Population (mid 2025 estimate)
- • Total: 406,228
- • Density: 124.100/km^{2} (321.417/sq mi)
- Time zone: UTC+7 (IWST)
- Area code: (+62) 752
- Website: limapuluhkota.go.id

= Lima Puluh Kota Regency =

Regency in West Sumatra, Indonesia

Lima Puluh Kota Regency (meaning fifty towns in the Malay language) is a regency (kabupaten) of West Sumatra province, Indonesia. It has an area of 3,273.40 km^{2} and a population of 348,249 according to the 2010 census and 383,525 according to the 2020 census; the official estimate as of mid 2025 was 406,228 (comprising 202,793 males and 203,435 females).
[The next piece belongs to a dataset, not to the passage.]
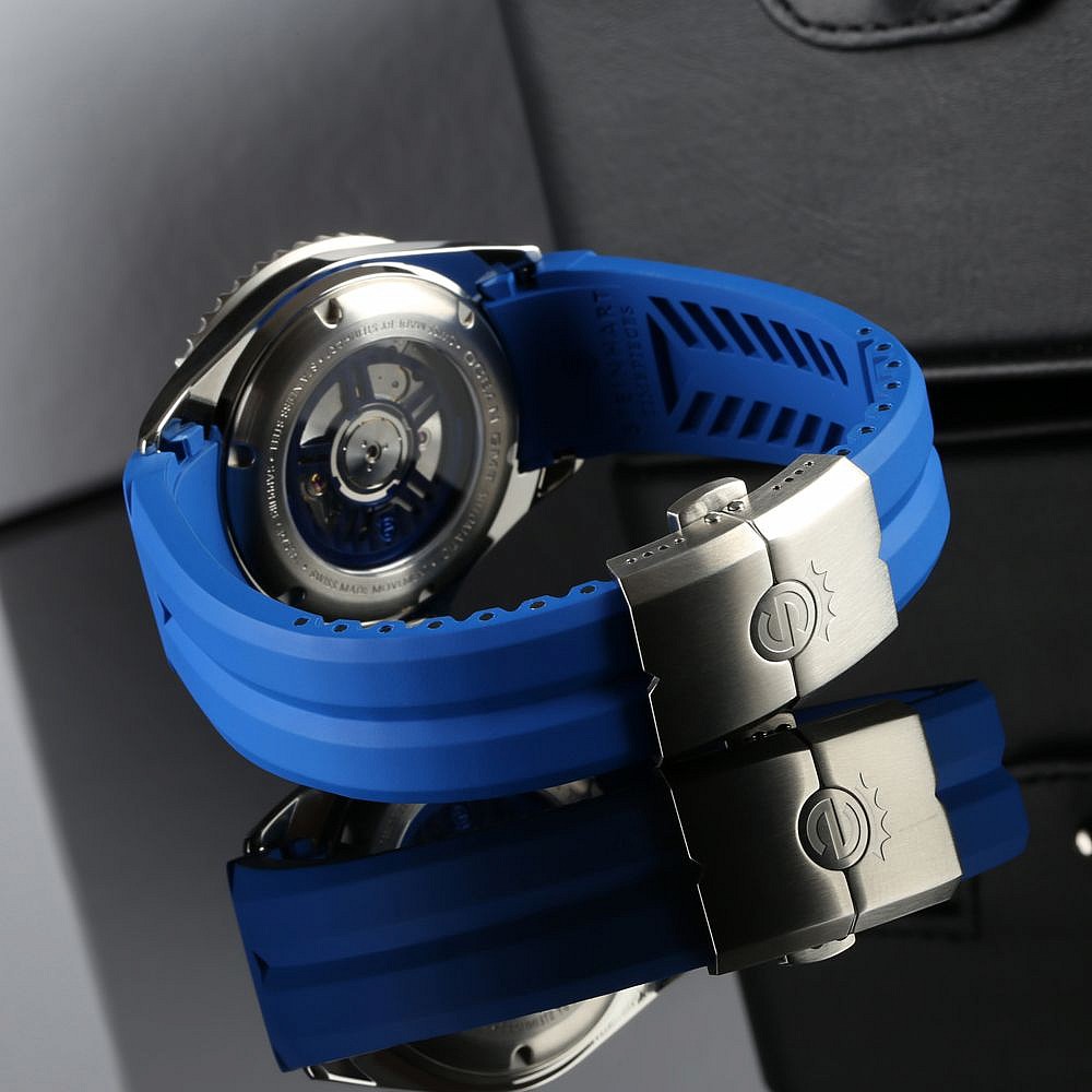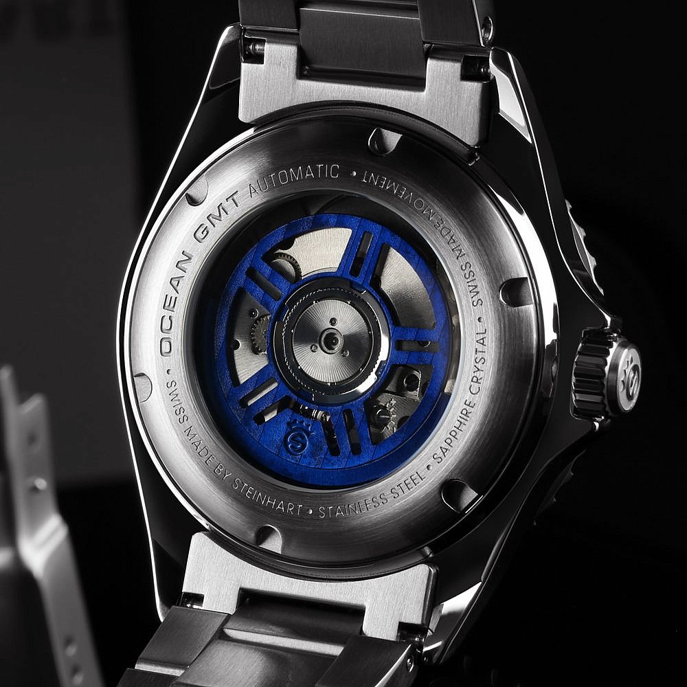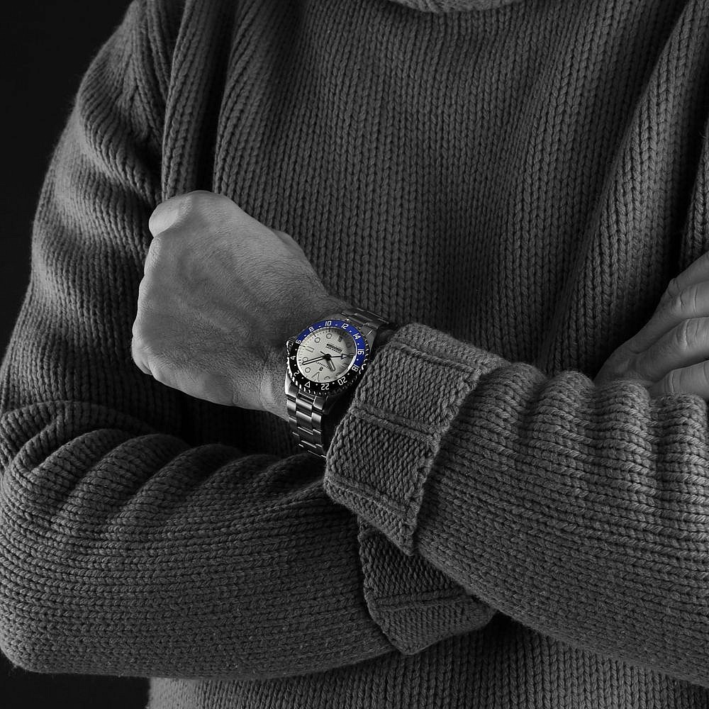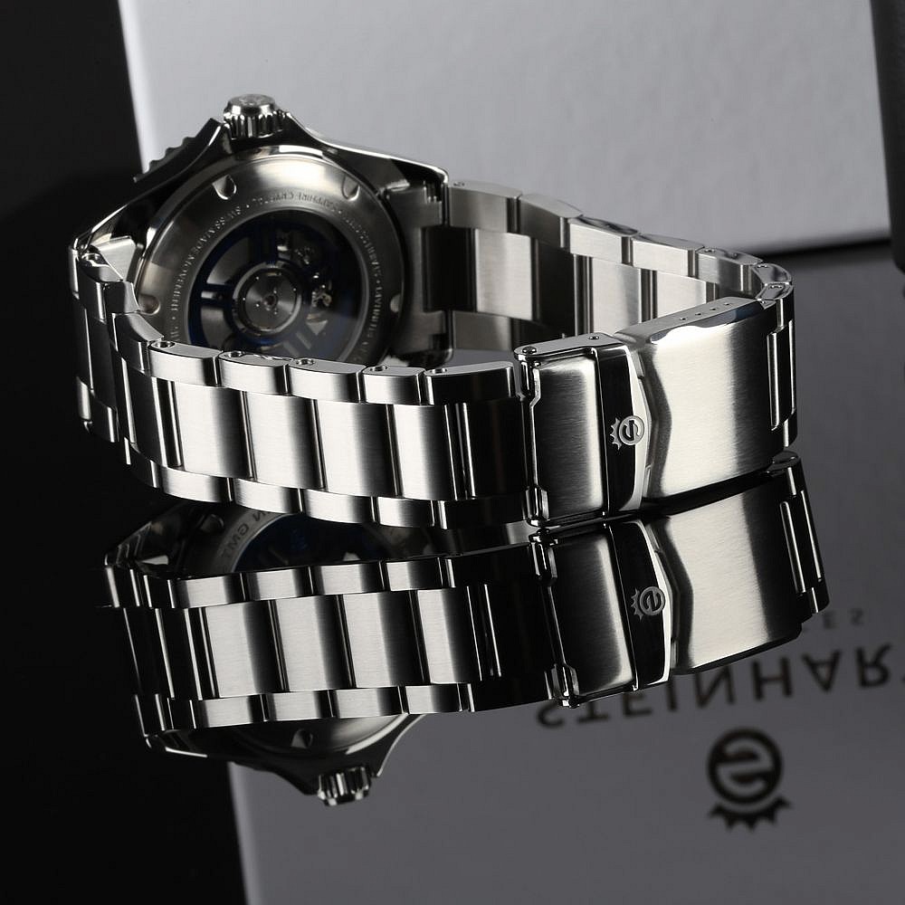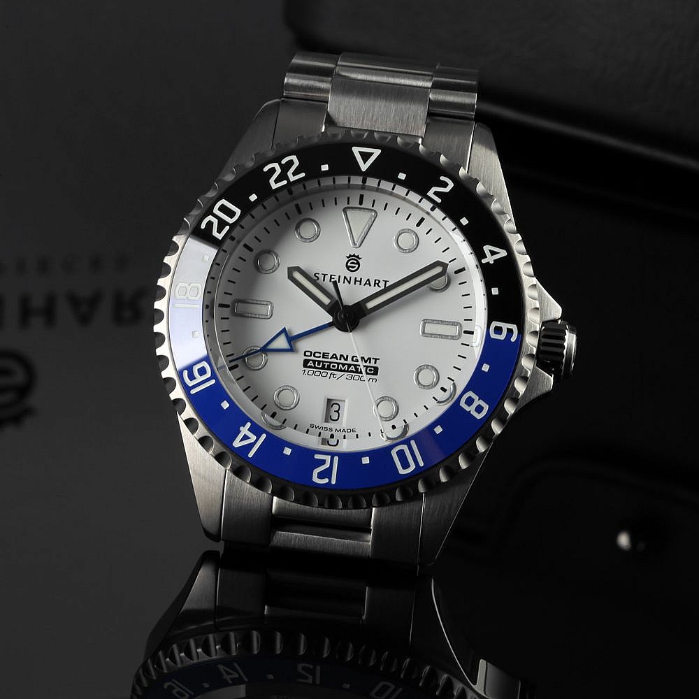 Limitovaná edice oblíbených potápek Ocean GMT od Steinhartu s bílým číselníkem. 200 kusů celosvětově, dva náhradní gumové řemeny jsou součástí balení.

The regency seat is the town of Sarilamak (in Harau District).

== Administration ==
Lima Puluh Kota Regency is divided into thirteen districts (kecamatan), listed below with their areas and their populations at the 2010 census and the 2020 census, together with the official estimates as of mid 2025. The table also includes the locations of the district administrative centres, the numbers of administrative villages (nagari) in each district, and its post codes.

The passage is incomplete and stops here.